=== Begin Enclosure ===

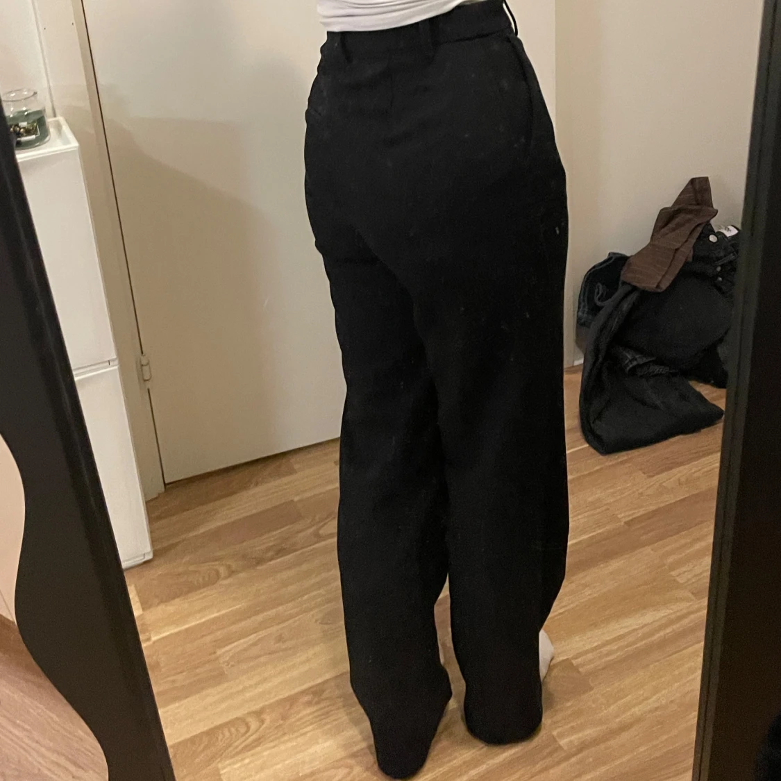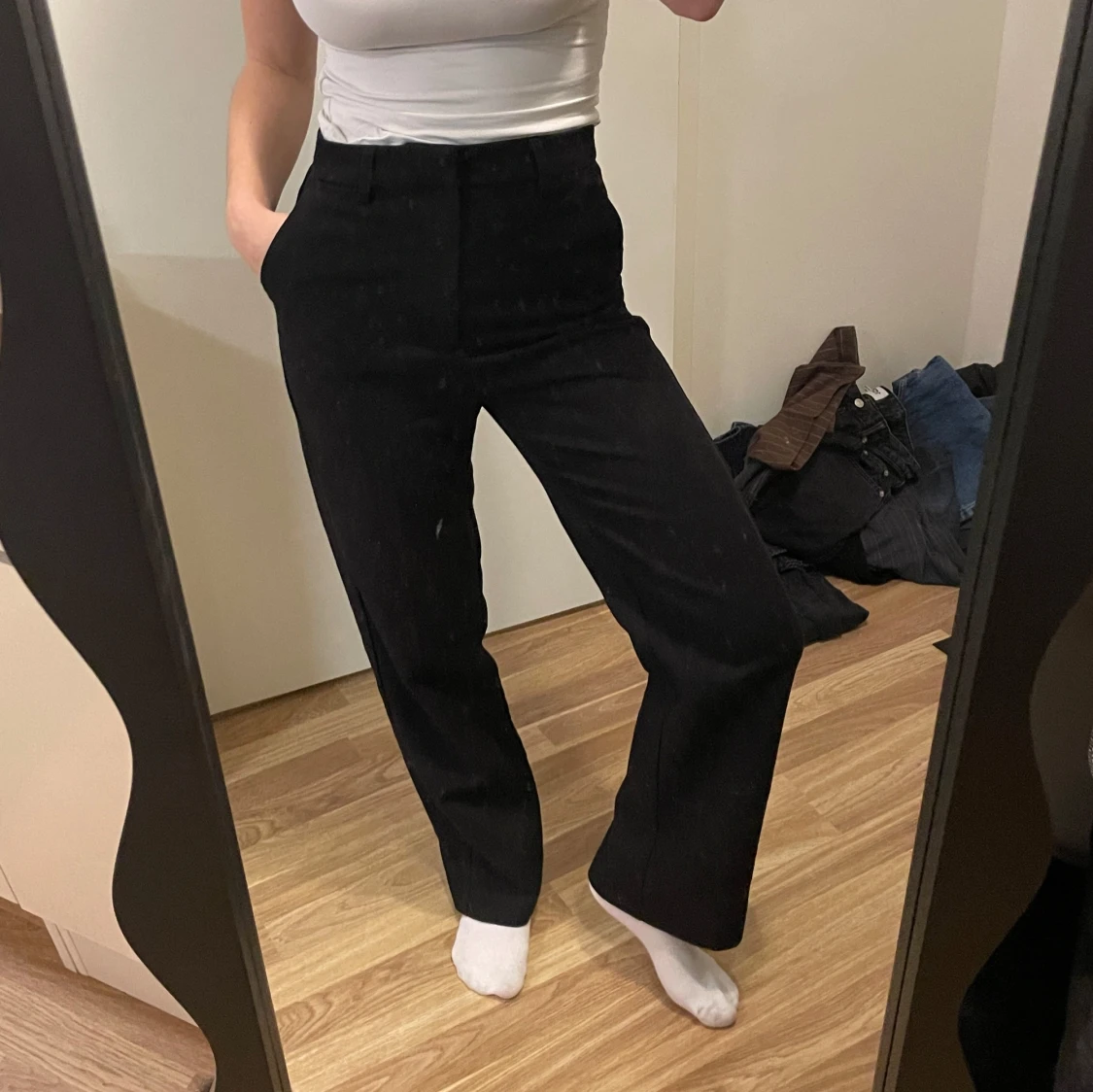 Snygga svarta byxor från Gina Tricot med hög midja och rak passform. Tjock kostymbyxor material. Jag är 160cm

=== End Enclosure ===
=== Begin Enclosure ===

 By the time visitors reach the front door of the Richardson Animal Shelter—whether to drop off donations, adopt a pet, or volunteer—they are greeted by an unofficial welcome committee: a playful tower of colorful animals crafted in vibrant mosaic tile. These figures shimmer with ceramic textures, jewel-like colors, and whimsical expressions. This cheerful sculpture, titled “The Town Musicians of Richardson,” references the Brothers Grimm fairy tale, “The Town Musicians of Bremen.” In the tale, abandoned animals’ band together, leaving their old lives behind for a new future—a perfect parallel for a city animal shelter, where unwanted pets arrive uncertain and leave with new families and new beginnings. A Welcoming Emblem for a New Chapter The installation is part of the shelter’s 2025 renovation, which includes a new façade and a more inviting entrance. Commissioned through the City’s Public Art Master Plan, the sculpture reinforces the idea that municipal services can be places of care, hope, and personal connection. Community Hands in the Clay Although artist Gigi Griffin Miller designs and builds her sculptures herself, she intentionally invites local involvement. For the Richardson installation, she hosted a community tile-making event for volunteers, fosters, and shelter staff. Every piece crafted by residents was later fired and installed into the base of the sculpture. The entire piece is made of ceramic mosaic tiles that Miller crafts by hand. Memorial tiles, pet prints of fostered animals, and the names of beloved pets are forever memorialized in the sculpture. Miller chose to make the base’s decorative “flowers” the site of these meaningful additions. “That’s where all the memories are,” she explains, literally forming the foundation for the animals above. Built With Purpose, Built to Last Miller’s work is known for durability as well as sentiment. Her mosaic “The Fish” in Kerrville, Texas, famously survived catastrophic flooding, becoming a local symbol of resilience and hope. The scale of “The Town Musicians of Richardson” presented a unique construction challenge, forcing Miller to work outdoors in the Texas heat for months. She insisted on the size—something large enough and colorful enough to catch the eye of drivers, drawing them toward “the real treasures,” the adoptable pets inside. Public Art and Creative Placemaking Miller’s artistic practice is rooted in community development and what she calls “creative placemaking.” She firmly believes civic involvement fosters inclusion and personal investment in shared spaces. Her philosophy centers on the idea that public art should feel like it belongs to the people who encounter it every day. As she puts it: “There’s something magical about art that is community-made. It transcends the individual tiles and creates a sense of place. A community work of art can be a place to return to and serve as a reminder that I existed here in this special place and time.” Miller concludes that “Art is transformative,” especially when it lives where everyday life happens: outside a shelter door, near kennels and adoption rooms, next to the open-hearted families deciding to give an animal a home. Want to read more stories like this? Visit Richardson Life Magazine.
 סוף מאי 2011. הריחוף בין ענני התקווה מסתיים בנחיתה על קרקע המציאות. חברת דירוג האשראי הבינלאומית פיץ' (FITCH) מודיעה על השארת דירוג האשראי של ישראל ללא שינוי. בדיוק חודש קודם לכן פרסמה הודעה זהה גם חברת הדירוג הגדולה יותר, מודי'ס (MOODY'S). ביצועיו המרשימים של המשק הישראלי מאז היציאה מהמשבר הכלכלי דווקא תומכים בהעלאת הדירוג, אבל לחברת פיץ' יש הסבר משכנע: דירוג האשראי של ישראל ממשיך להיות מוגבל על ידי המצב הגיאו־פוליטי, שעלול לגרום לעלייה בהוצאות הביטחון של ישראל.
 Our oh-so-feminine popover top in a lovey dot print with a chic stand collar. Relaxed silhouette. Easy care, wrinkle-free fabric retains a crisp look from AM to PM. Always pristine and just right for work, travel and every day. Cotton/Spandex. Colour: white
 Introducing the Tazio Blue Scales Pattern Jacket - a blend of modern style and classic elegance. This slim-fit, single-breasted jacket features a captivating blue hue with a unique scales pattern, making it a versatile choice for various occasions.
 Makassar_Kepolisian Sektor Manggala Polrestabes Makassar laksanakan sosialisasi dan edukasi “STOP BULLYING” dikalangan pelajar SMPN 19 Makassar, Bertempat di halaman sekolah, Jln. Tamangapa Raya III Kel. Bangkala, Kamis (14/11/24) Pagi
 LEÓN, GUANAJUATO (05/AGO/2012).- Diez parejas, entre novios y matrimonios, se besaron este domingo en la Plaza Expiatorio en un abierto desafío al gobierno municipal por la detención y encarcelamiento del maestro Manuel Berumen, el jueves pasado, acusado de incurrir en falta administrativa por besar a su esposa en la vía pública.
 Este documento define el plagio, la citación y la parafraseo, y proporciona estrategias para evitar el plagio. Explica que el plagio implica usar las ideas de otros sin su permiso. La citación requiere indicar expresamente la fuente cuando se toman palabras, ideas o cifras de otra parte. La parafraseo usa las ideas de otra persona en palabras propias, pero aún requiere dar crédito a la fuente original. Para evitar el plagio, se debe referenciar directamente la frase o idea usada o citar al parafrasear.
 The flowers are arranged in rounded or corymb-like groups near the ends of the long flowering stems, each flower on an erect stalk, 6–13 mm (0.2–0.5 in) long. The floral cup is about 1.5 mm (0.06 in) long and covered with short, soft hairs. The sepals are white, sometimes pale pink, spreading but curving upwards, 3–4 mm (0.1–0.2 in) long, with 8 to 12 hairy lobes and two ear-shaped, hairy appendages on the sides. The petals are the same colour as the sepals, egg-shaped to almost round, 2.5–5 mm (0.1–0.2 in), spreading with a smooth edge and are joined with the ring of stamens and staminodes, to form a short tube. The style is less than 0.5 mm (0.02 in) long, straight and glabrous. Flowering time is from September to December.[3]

=== End Enclosure ===
=== Begin Enclosure ===

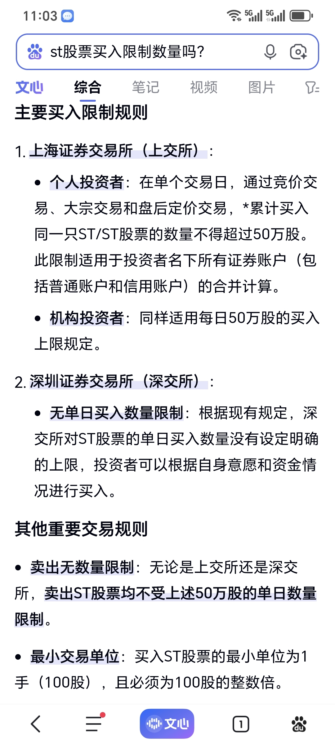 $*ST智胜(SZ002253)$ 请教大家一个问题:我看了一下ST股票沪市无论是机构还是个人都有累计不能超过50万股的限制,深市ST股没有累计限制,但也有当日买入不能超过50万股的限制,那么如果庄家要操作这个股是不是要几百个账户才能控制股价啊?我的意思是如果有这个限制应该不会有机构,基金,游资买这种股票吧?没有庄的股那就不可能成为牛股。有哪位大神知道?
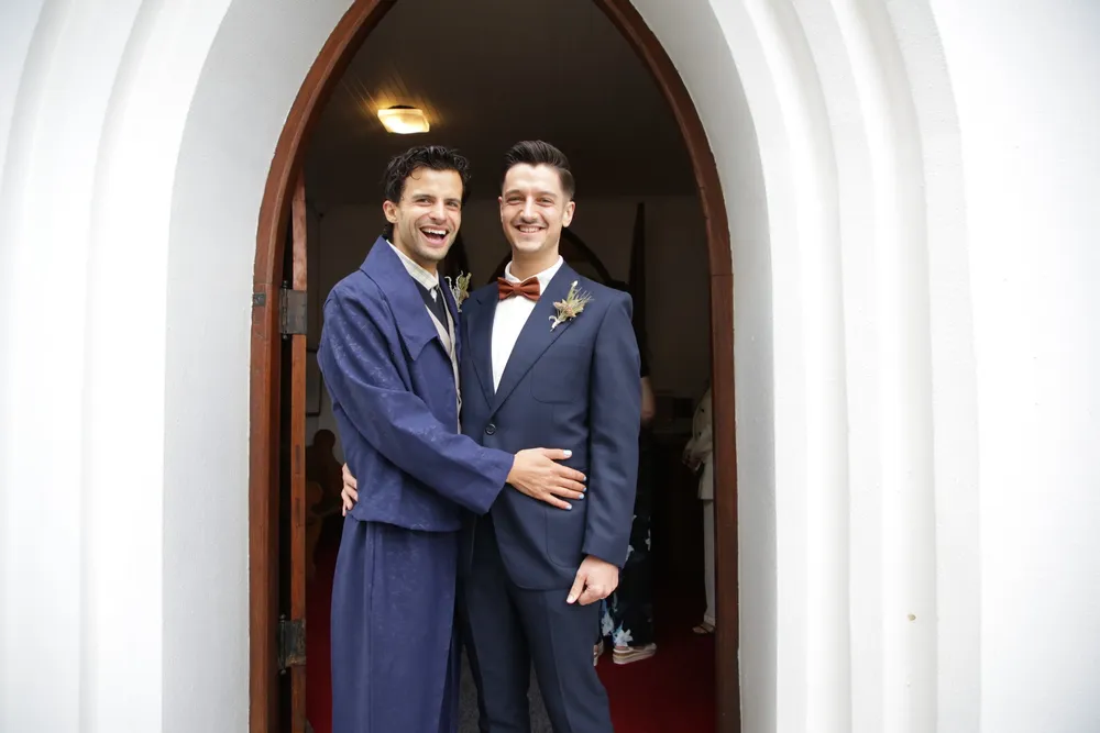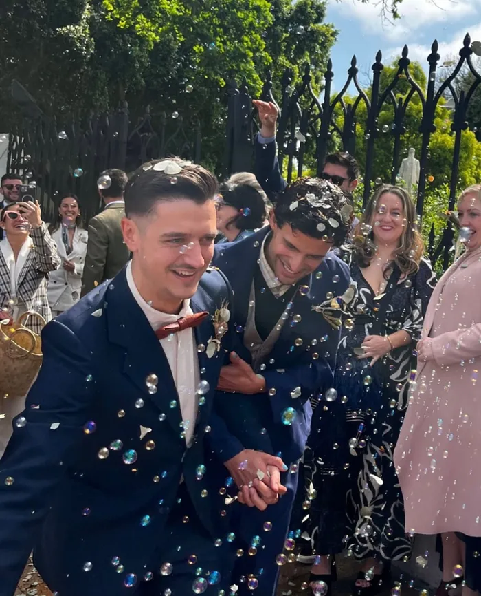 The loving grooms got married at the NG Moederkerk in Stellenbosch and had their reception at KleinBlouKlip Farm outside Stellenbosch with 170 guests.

=== End Enclosure ===

What is needed is an exact copy of the lines above, from the one containing "סוף מאי 2011." through the one containing "Our oh-so-feminine popover", with nothing added.

> OUTPUT BELOW
 סוף מאי 2011. הריחוף בין ענני התקווה מסתיים בנחיתה על קרקע המציאות. חברת דירוג האשראי הבינלאומית פיץ' (FITCH) מודיעה על השארת דירוג האשראי של ישראל ללא שינוי. בדיוק חודש קודם לכן פרסמה הודעה זהה גם חברת הדירוג הגדולה יותר, מודי'ס (MOODY'S). ביצועיו המרשימים של המשק הישראלי מאז היציאה מהמשבר הכלכלי דווקא תומכים בהעלאת הדירוג, אבל לחברת פיץ' יש הסבר משכנע: דירוג האשראי של ישראל ממשיך להיות מוגבל על ידי המצב הגיאו־פוליטי, שעלול לגרום לעלייה בהוצאות הביטחון של ישראל.
 Our oh-so-feminine popover top in a lovey dot print with a chic stand collar. Relaxed silhouette. Easy care, wrinkle-free fabric retains a crisp look from AM to PM. Always pristine and just right for work, travel and every day. Cotton/Spandex. Colour: white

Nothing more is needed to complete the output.